SlothDB: Fast Embedded SQL DB for Analytics (Data)

SlothDB provides an embedded SQL database that operates across platforms, including laptops, servers, and web browsers. Written in C++ from scratch, it targets analytics workloads with claims of up to 5x faster performance in key areas compared to alternatives like DuckDB, as shown in its demos. The project, hosted at github.com/SouravRoy-ETL/slothdb with 507 stars, emphasizes local execution without external dependencies, keeping all data and processing on the user's machine.

Its design addresses the need for a lightweight, portable database that handles SQL queries on CSV, Parquet, and other formats without server setup. A browser-based playground loads a 1,000-row demo CSV and Parquet file for immediate testing, while desktop bindings support Python and WebAssembly via npm.

Core features

SlothDB supports standard SQL operations with extensions for local natural language querying:

Cross-platform embedding: Compiles to native binaries, Python wheels (CPython 3.8+ on Linux/macOS/Windows), and WebAssembly for browser use.
Natural language SQL generation: Prefix queries with .ask at the interactive prompt. A rules-based parser handles catalog questions, aggregates (COUNT/SUM/AVG/GROUP BY/TOP-N), and file sources in under 10 ms without models. Complex queries route to local Qwen2.5-Coder models (0.5B or 1.5B parameters, quantized to Q4_K_M, lazy-downloaded on first use).
Local AI privacy: Models total ~1.3 GB (310 MB for 0.5B, 986 MB for 1.5B) and support 29 languages including English, Chinese, Spanish, French, German, Japanese, Korean, Russian, Arabic, Portuguese, Italian, and Hindi. Generated SQL displays before execution; set SLOTHDB_ASK_CONFIRM=1 for a [Y/n] prompt. No data leaves the device.
Format support and performance: Processes CSV and Parquet with side-by-side benchmarks. A demo script generates a 100,000-row CSV and runs three queries, timing against DuckDB.
Interactive shell: Enter slothdb> prompt for direct SQL or .ask commands. Full SQL guide and Python API in docs/DOCUMENTATION.md.

The routing for .ask uses a deterministic function—no initial LLM call—covering simple aggregates via rules, open-ended SELECT/GROUP BY/filter with the 0.5B model (~~200 ms), and advanced features like window functions or joins with the 1.5B model (~~500 ms). It refuses cumulative aggregates due to engine limitations, detailed in docs/ASK.md.

Getting it running

No installation is needed for quick tests. Visit the playground at slothdb.org/playground, where a full WebAssembly build loads demo files. Users can upload their own CSVs or Parquet files, which remain local.

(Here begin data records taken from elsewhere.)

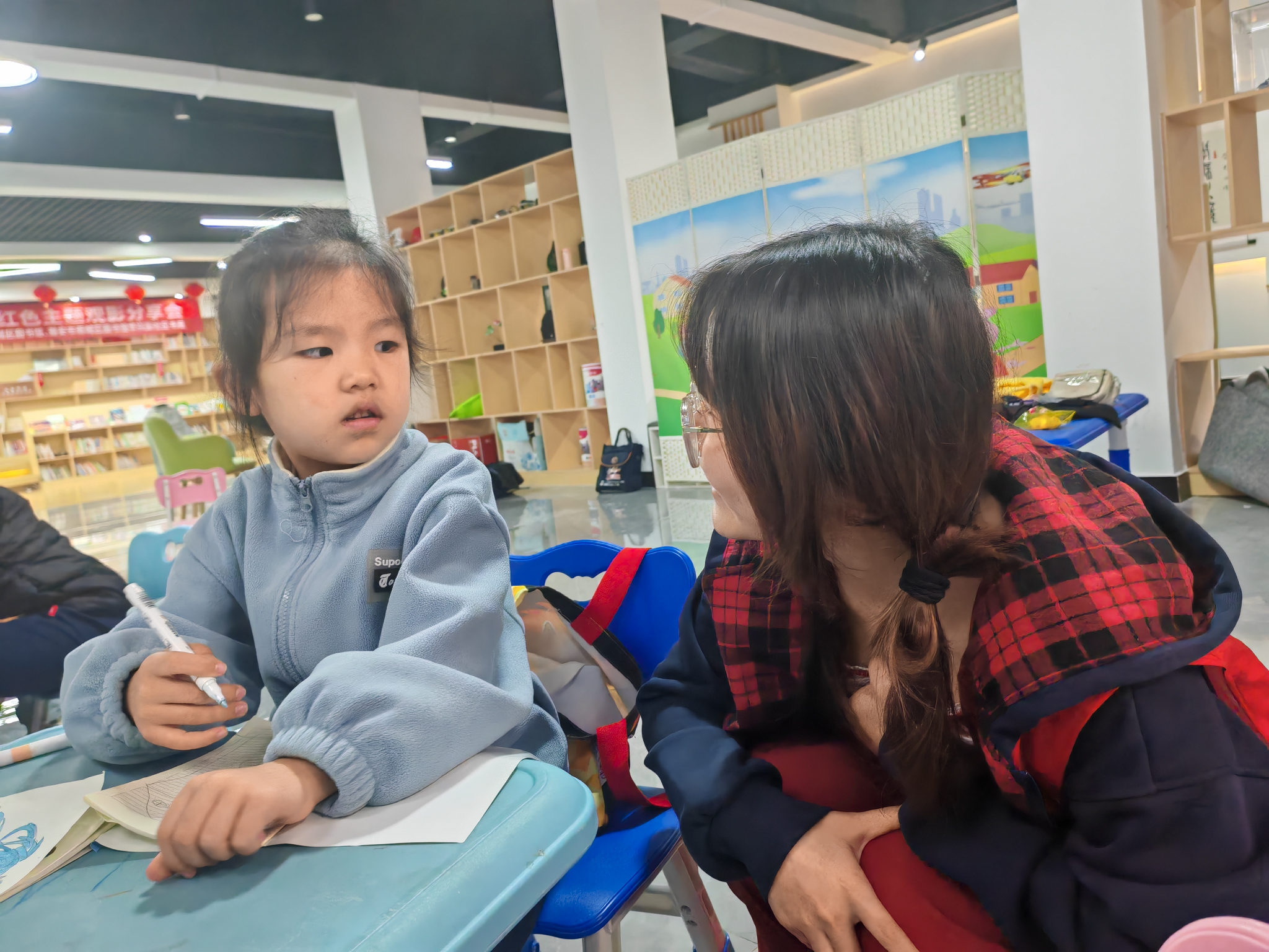 创意绘画区则温情满溢,太阳网集团tcy8722志愿者们与孩子一对一交流,从“太空城堡”到“动物乐园”,孩子们的奇思妙想在画纸上肆意绽放。志愿者们从构图比例到色彩搭配给予专业指导,在呵护创造力的同时,展现了工科员工细腻暖心的一面,一幅幅充满童真的作品,成为社区里流动的艺术风景。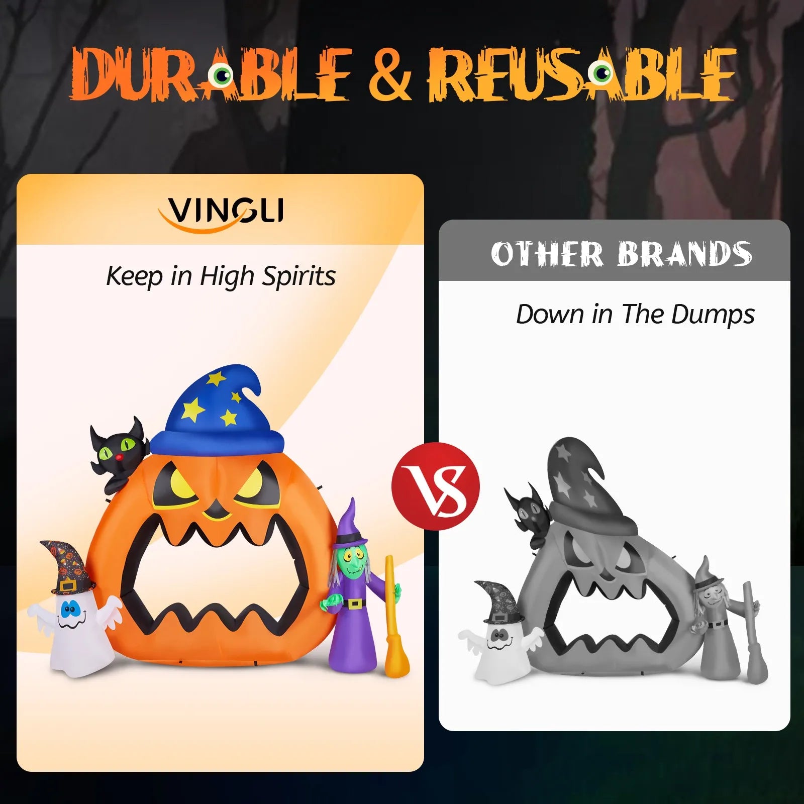 - Convenient Setup and Storage: Includes ground stakes and securing ropes for quick, stable setup; when the fright night is over, deflate, fold, and store easily for next year.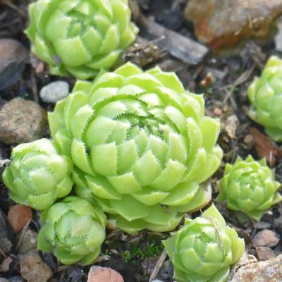 - Sempervivum globiferum ssp. arenarium (Zwerg- oder Sand-Fransenhauswurz)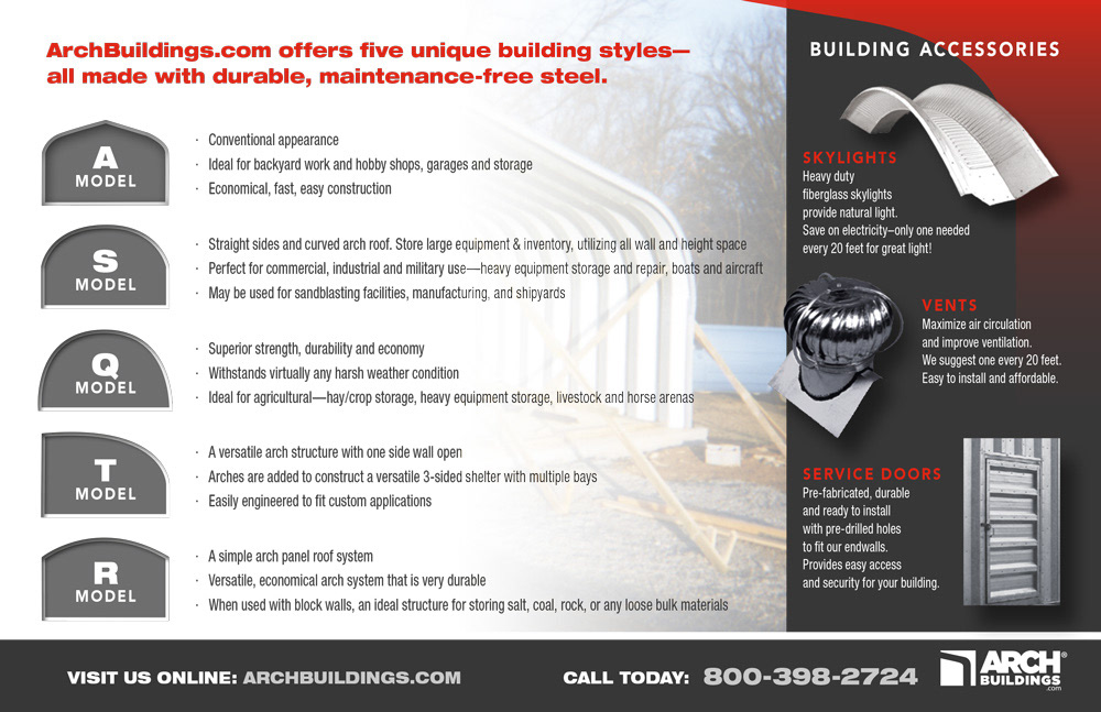 Selected pages from brochure designed for ArchBuildings.com, intended for both digital (interactive PDF) and print formats (8.5" x 5.5").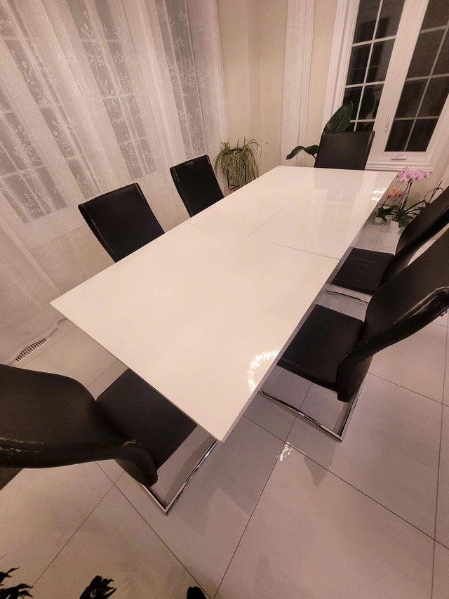 Used like new white dining set for sale as no longer in use. Please note chairs are in faux leather and worn out. Table width: 35.5'. Table regular length: 63'. Table extended length: 78.5'.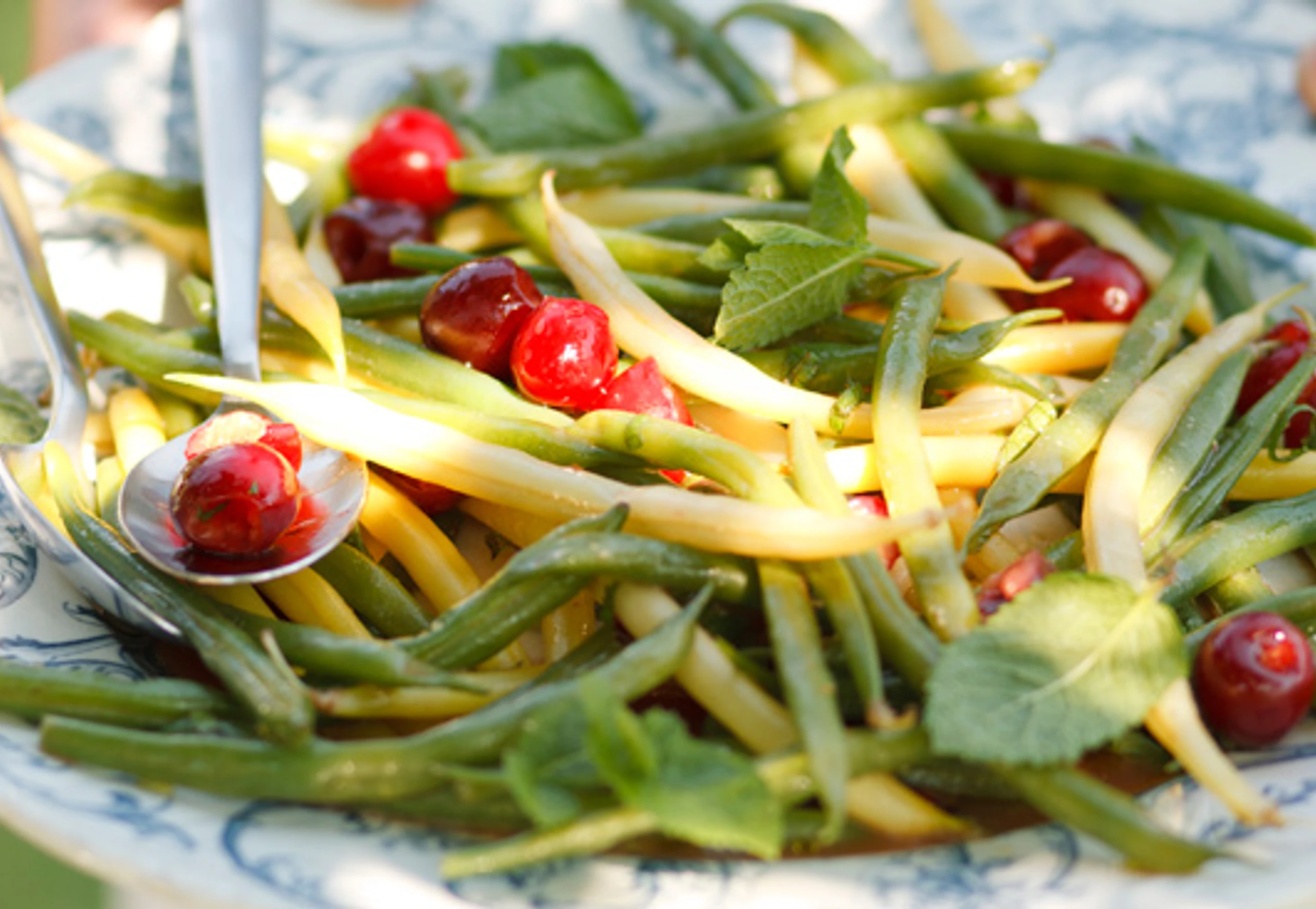 Fisolen putzen und in Salzwasser bissfest kochen. Herausheben, in Eiswasser abschrecken und gut abtropfen lassen. Weichseln entkernen.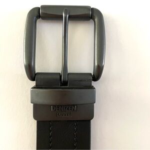 ‘This Reversible Denizen Belt from Levi's combines both fashion and function. The soft leather material is practical with an edgy feel. The reversible construction with rotating buckle allows you to easily reverse from one side to another. Pull up buckle at the hinge and twist to rotate it and put it back in place to wear your belt in brown or black.’
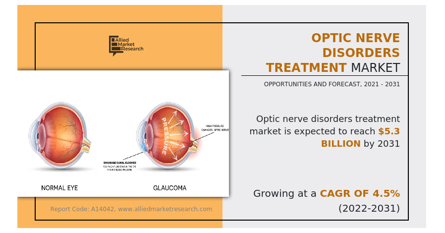 PORTLAND, OREGON, UNITED STATES, July 14, 2023/EINPresswire.com/ — Optic nerve disorders encompass a range of conditions that affect the optic nerve, which is responsible for transmitting visual information from the eyes to the brain. These disorders can lead to vision loss or impairment and require appropriate treatment to manage the underlying cause and preserve visual function. The global optic nerve disorders treatment market size was valued at $3.4 billion in 2021, and is projected to reach $5.3 billion by 2031, growing at a CAGR of 4.5% from 2022 to 2031.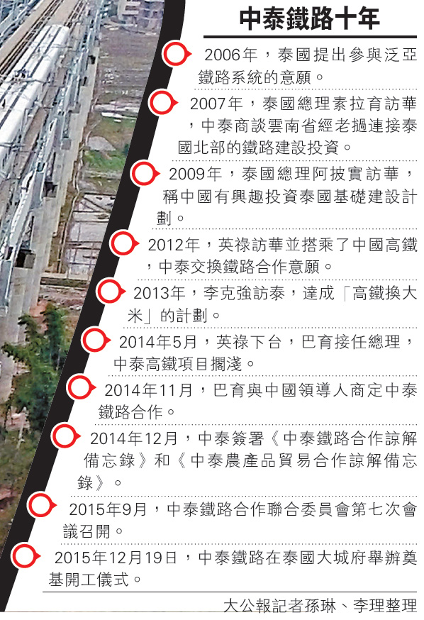 两年后,2015年12月3日,中泰两国政府才签署了中泰政府间铁路合作框架文件,以及100万吨泰国大米进口合同。12月19日铁路操作控制中心的奠基仪式在泰国大城府的清惹克农火车站举行。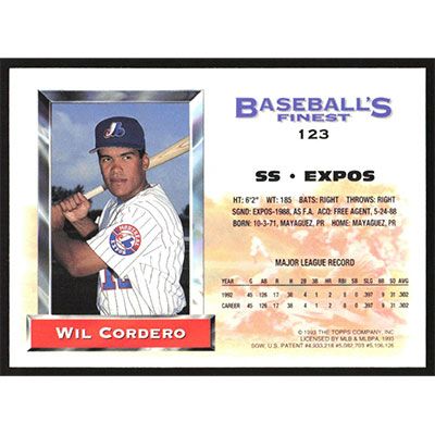 This is a 1993 Finest Wil Cordero baseball card. The card is #123 and pictures show condition.
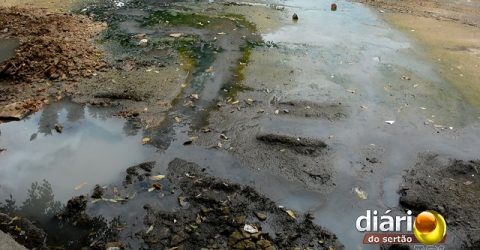 De acordo com professor que mora no local, buraco feito em obra causou esgoto a céu aberto que dificulta a mobilidade, exala mau cheiro e pode atrair doenças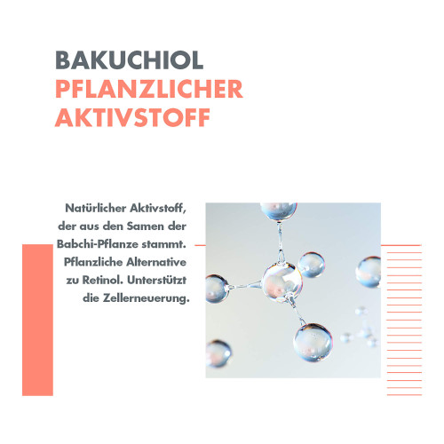 - [BAKUCHIOL] 1,5 %: pflanzliche Alternative zu Retinol, mildert Falten.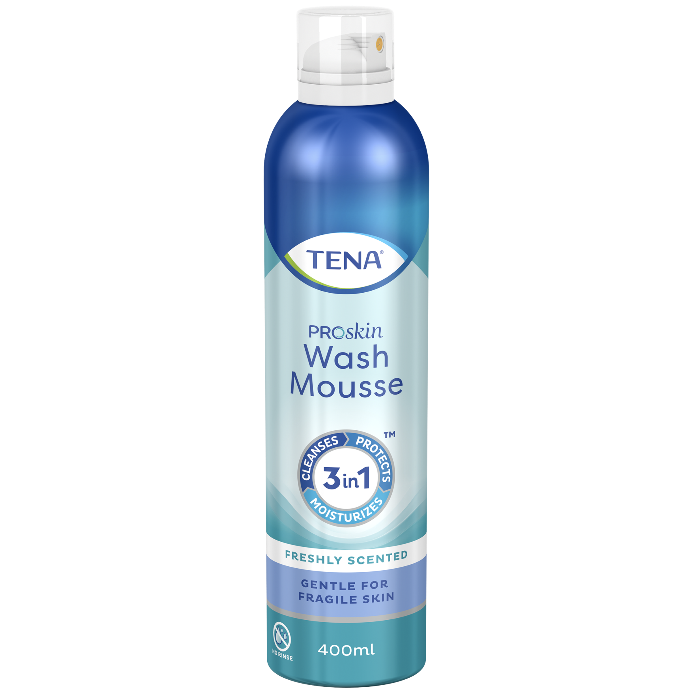TENA Wash Mousse is een mid, surfactant-vrij emulsieschuim dat ontwikkeld werd voor reiniging, herstel en bescherming van de huid. Dit schuim heeft een pH-waarde van 5,5 en is dermatologisch getest.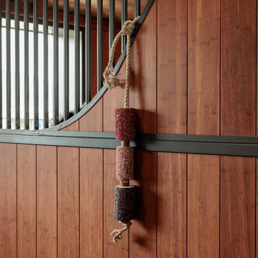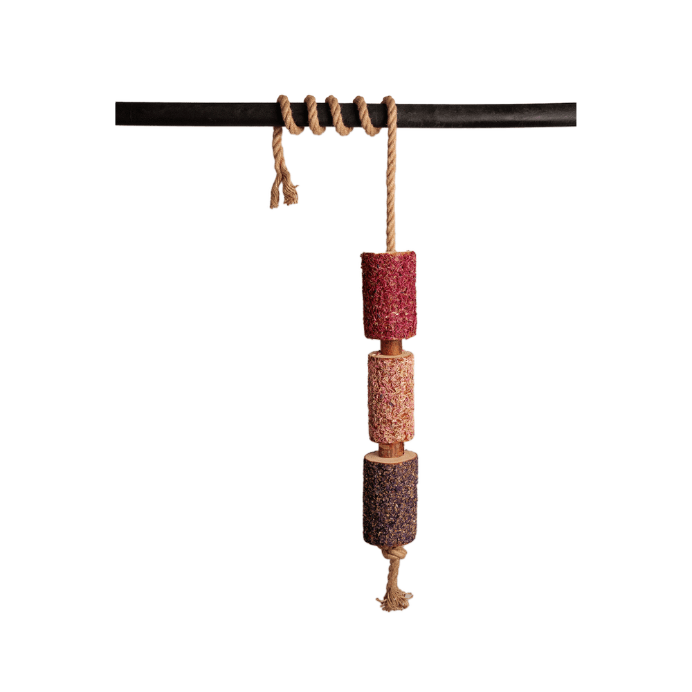 Each piece of wood is hand-selected from the forest, left in its natural state—undried, and untreated—to preserve the authentic smells and textures that horses instinctively respond to. The Unicorn Joy version is enriched with a joyful blend of herbs, each adding its own natural benefits: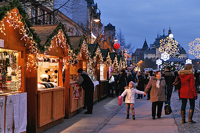 Délelőtt érkezünk Kassára, ahol helyi idegenvezető vezetésével megismerkedünk a várossal. Kassa manapság is jelentős igazgatási és kulturális központ. Rákóczi és Márai városa nem csak emlékeivel, hanem élénk kulturális életével, sokszínű hagyományaival is csábítja az ide látogatókat. A belváros legimpozánsabb emléke a Szent Erzsébet dóm, melynek kriptájában II. Rákóczi Ferenc és társai nyugszanak. A szomszédos Szent Mihály kápolna, az Orbán-torony, a Nemzeti Színház épülete és a Főtéren sorakozó paloták és templomok megtekintése mellett érdemes a Miklós-börtön és a Rodostói-ház felé is tenni egy kitérőt. Utóbbi a bujdosó fejdelem rodostói ebédlőházának elemeiből épület fel a városfal egyik megmaradt bástyájára. A városnézés mellett szabadprogram is bőségesen rendelkezésre áll a karácsonyi vásár kínálatának feltérképezésére és a város további nevezetességeinek felfedezésére. A helyi adventi ünnepségsorozat hagyományosan Szent Miklós ünnepének előestéjén, december 5-én kezdődik a polgármester köszöntőjével és az ünnepi fények felgyújtásával a város hatalmas közös fenyőfáján, majd egészen december 23-ig hívogató forralt bor és sültkolbász illat lengi be a városközpontot. Az adventi vásár mellett Kassa belvárosában hagyományos üzletek, bevásárlóközpontok is találhatók, így remek lehetőség adódik a karácsonyi ajándékok beszerzésére is.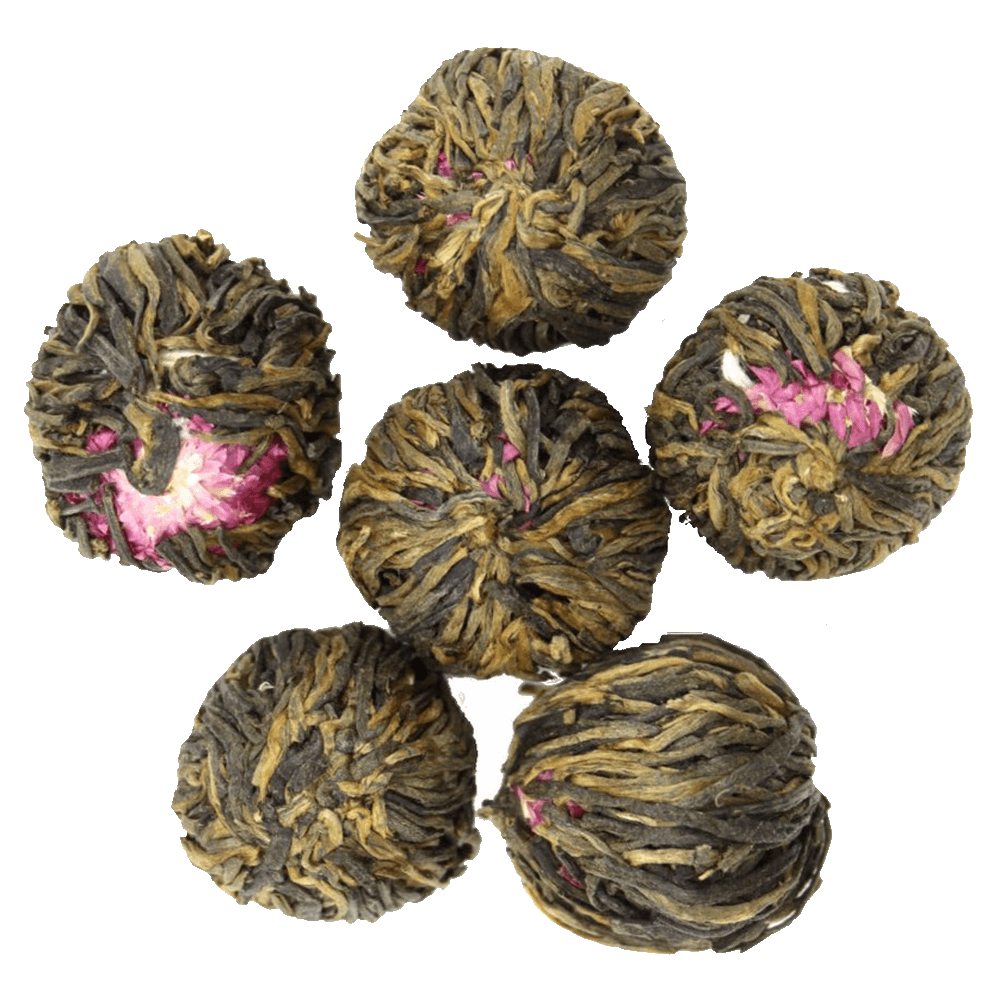 Liście czarnej herbaty ręcznie zwijane wraz z kwiatem owocu liczi. Bursztynowy kolor naparu wzbogacony o wizualny efekt przepięknie otwierającej się kuli. Zdecydowanie wyraźny smak w porównaniu do innych herbat kwitnących.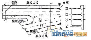 由于互通立交曲線(xiàn)箱梁橋通常存在不等跨分布的情況,所以系統(tǒng)在進(jìn)行平面圖設(shè)計(jì)及繪制時(shí)要以跨為單元,分別進(jìn)行設(shè)計(jì)及繪制。箱梁平面圖設(shè)計(jì)主要包括腹板寬度、橫隔板厚度、腹板變寬段的長(zhǎng)度及腹板加寬段的長(zhǎng)度等(如圖3所示)。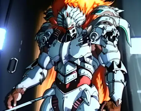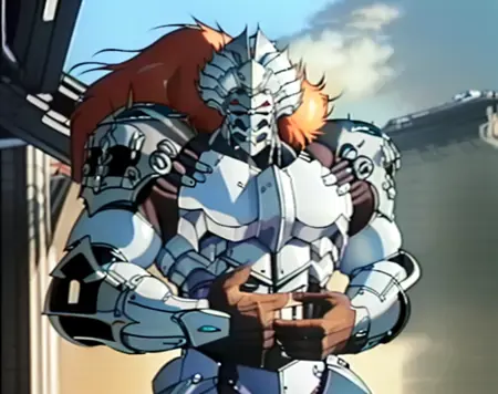 これはOVA映画『サイバネティックス・ガーディアン』の主要キャラクターの一人をもとにしています。具体的には、ロボットに悪と善の二つの形態があり、ここでは映画の終盤近くに登場する善のバージョンです。登場人物たちによって彼に名前は与えられていませんが、映画のタイトルが『Cybernetics Guardian』であり、一般向けに販売された多くの映画カバーに「Cyguard」と表記されていることから、私は彼の名前を「Cyguard」と推測しています。タイトルからも、Cyguardが最終的に登場するヒーローの名前であり、カバーにも描かれていると読めます。

For Python, install via PyPI:

pip install slothdb

Run the demo:

python -c "import slothdb; slothdb.demo()"

This creates a 100,000-row CSV, executes three queries, and outputs timings versus DuckDB. Wheels are available for the latest release at github.com/SouravRoy-ETL/slothdb/releases/latest; source builds if no match exists. Enable .ask models with -DSLOTHDB_ASK_MODEL=ON during build or runtime.

In JavaScript/Node.js, use the npm package:

npm install @slothdb/wasm

The documentation covers Python APIs like connecting to databases, executing queries, and loading files. Continuous integration runs on GitHub Actions, and the project uses an MIT license.

Who this is for

Developers building analytics tools benefit from SlothDB's embedding capability—no separate database server required. Data analysts querying local files in SQL or natural language find the .ask feature useful for rapid exploration without cloud LLMs. Its browser support suits web apps needing client-side SQL on user-uploaded data, such as dashboards or report generators.

Teams prioritizing privacy use it for on-device processing, as seen in the playground where files never leave the browser. The Discord community at discord.gg/XJWyGmX5G discusses integrations. Blog posts, like one on compiling to WASM, highlight backend challenges it solves.

How it compares

SlothDB positions itself against DuckDB, showing faster query times in demos (e.g., the 60-second video and 100k-row script). Benchmarks are in the README's performance section, focusing on analytics speed. Download stats: PyPI via pepy.tech, npm via npmjs.com.

Unlike server-based databases like PostgreSQL, it avoids network overhead. Compared to SQLite, it adds columnar formats like Parquet and AI-assisted querying. DuckDB shares embedded analytics focus but lacks native browser support or the .ask tiered local AI without extra setup. SlothDB's WASM package (@slothdb/wasm) enables direct npm integration, while Python users get a single pip install.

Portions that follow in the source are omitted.